The Library works in partnership with Jisc and other UK academic libraries to negotiate access to content to support the University’s vision for learning and teaching and the University’s commitment to create an open research culture that values a range of contributions and delivers the highest standards and best practice in research integrity and ethics, supporting the FAIR principles to the benefit of society (findable, accessible, interoperable and reusable.) Our comprehensive content strategy outlines how we approach this.

Our principles:

The Library holds to the negotiating principles of Jisc:

  1. Cost constraint, and ultimately cost reduction
  2. Transitional, breaking from legacy publishing models and ensuring a greater proportion of research is made Open Access
  3. Compliant with funder mandates and policy on Open Research
  4. Transparent, to articulate what public money pays for and why
  5. Effective, improving the workflows of publishers, researchers and libraries

The University Library provides read access to Springer Nature Research Journals through the Jisc negotiated national deal. This deal ended on 31 December 2022 and is one of our ‘big deals’ (Tell me more). Our 16 largest big deal journal subscriptions account for around 50% of our overall subscriptions budget. The cost of large, “read only” journal subscriptions no longer represents value for money. These subscriptions consume an increasing proportion of library budgets, locking up funds that could be used to better support research, teaching and learning. 

The terms of the new SpringerNature deal

The new agreement meets our key criteria in that it provides full and immediate open access to UK research, recognises that authors can retain their rights, and reduces costs. We continue to have read access to 2,500 SpringerNature titles, including Nature, Nature research journals, and Palgrave tiles. Authors are able to publish gold open access, and apply the University’s Publications and Copyright Policy to ensure they retain their rights.
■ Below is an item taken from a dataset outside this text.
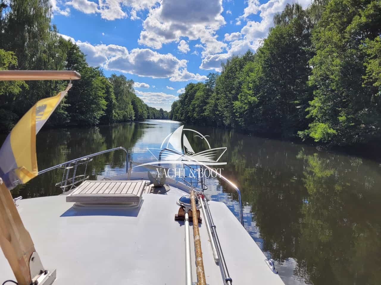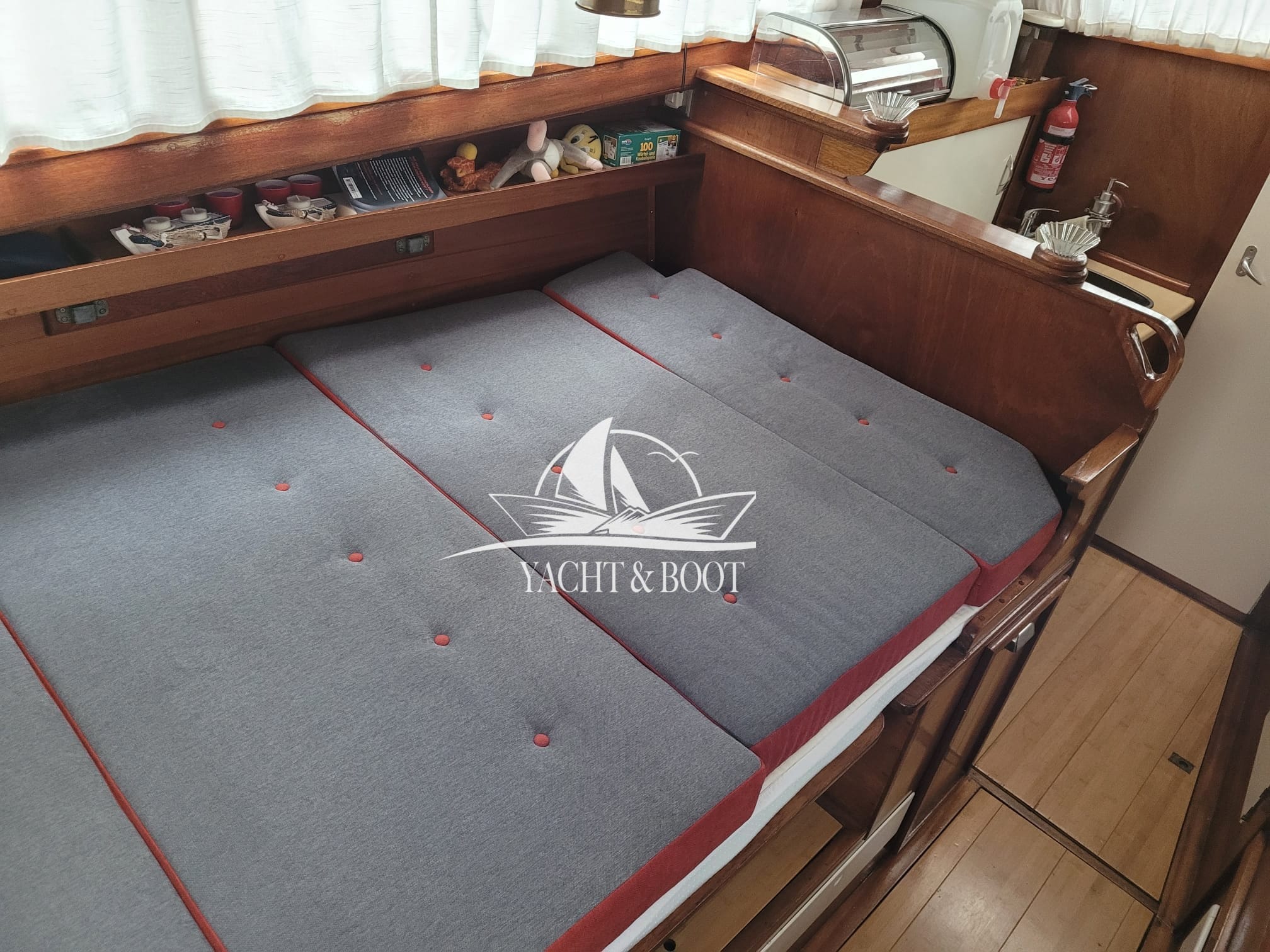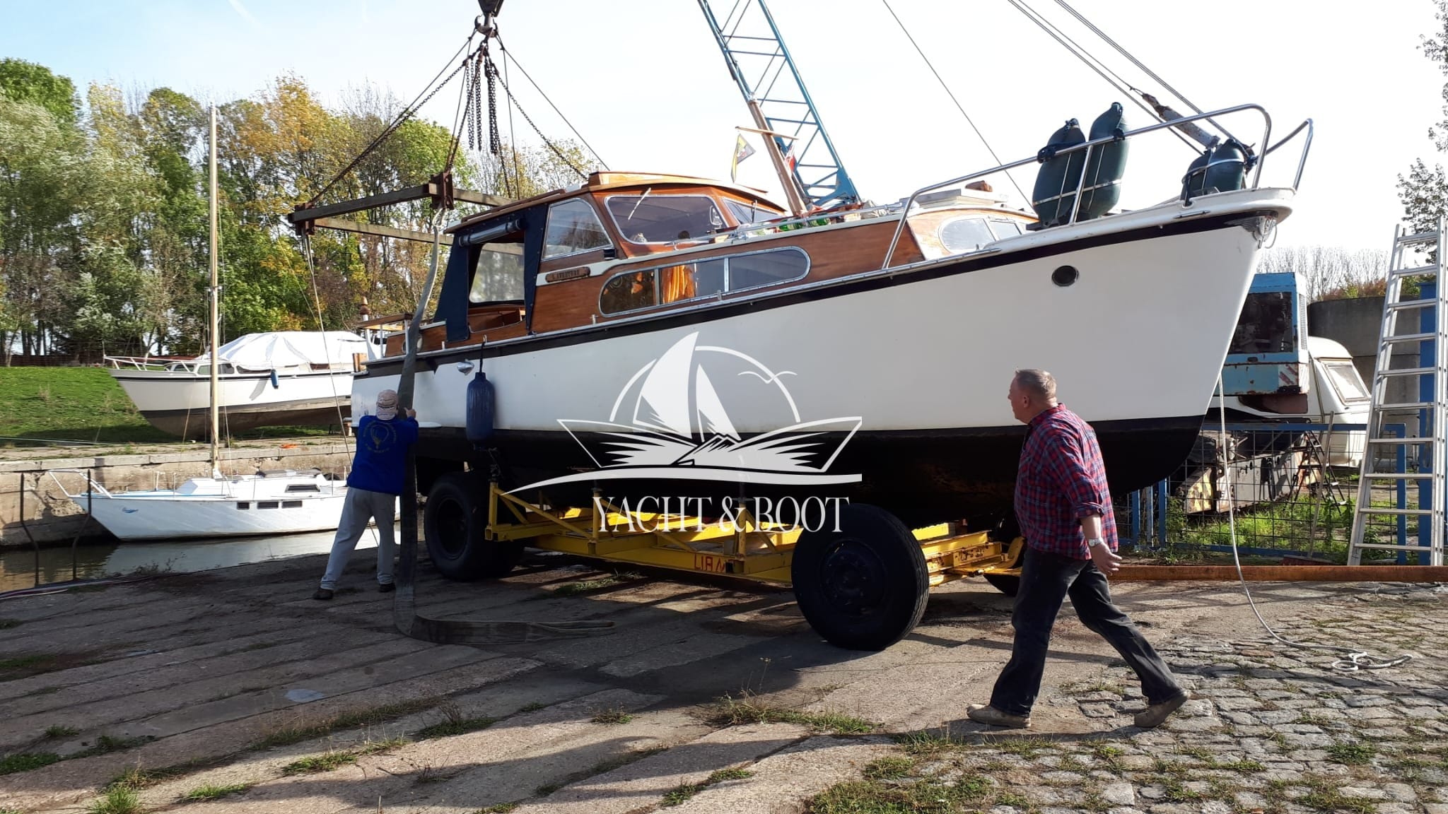 Angetrieben wird das Boot von einem marinisierten Volkswagen-Dieselmotor (45 PS), der zuverlässig und sparsam arbeitet. Mit seiner ruhigen Verdrängerfahrt erreicht das Schiff etwa 6 Knoten – ideal für entspannte Törns auf Binnengewässern und küstennahen Revieren.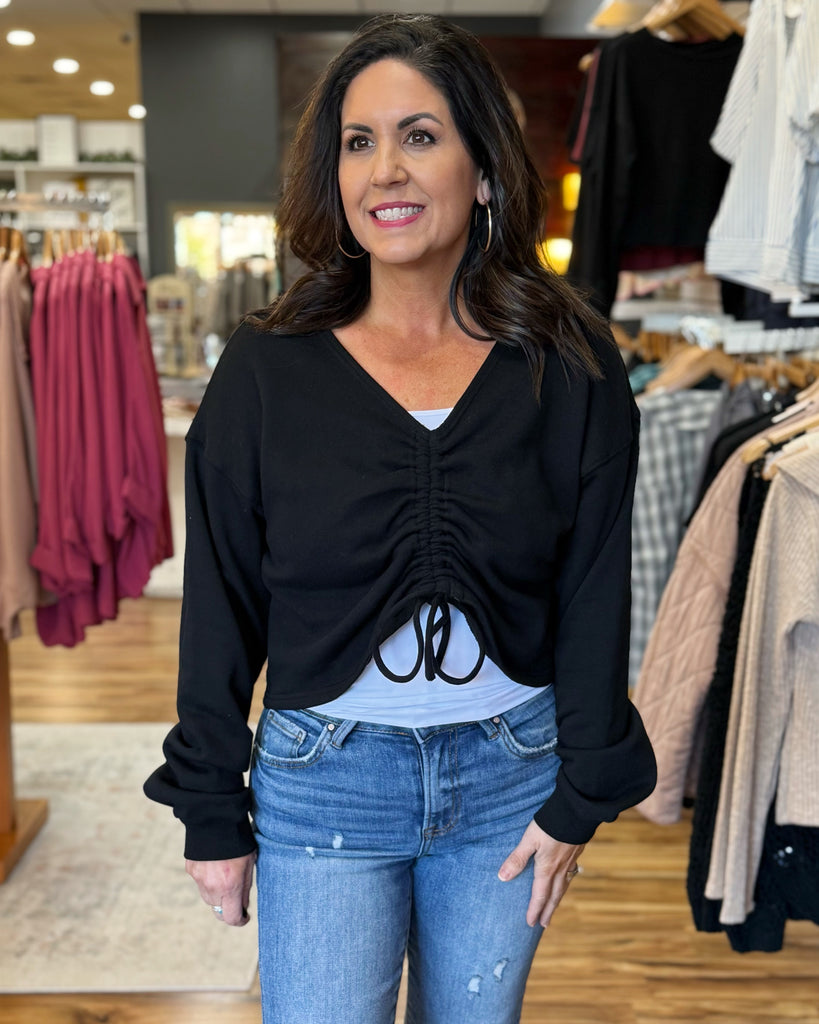Meet your new wear-it-two-ways essential. Our Hadley reversible knit crop top in black is designed with a relaxed, flattering fit and soft ruching that adds just the right touch of texture. Adjustable straps let you customize the fit, while the reversible design gives you two looks in one—perfect for styling from day to night with ease.

However, we have serious reservations about aspects of the deal, which are shared by many other universities. SpringerNature continues to model their pricing on high article processing charges (APCs) of up to €9000, without explaining how this fee relates to the cost of making an article open access. Furthermore, there are fundamental concerns that this deal and other transitional agreements are failing to progress the transformation of scholarly communications towards sustainable and equitable open access. You can read more about the concerns of our community in this WonkHE blog post by Libby Homer and read more about the terms of the deal on the Jisc website.

What can the academic community do?

In order to make significant progress in scholarly publishing we need the help of the academic community. At an institutional level, we need to ensure our recognition and reward processes support our institutional commitment to DORA, and that we assess research on its own merits rather than the perceived merits of the venue of publication. At an individual level, there is scope for authors, peer reviewers and members of editorial boards to take action. Authors can consider their choice of publication venue. Peer reviewers and members of editorial boards can challenge the practices of journal publishers (listen to a Guardian podcast about action taken by the Neuroimage editorial board). The Society of College, National and University Libraries (SCONUL) and Research Libraries UK (RLUK) have jointly issued a call to action, outlining how you can help.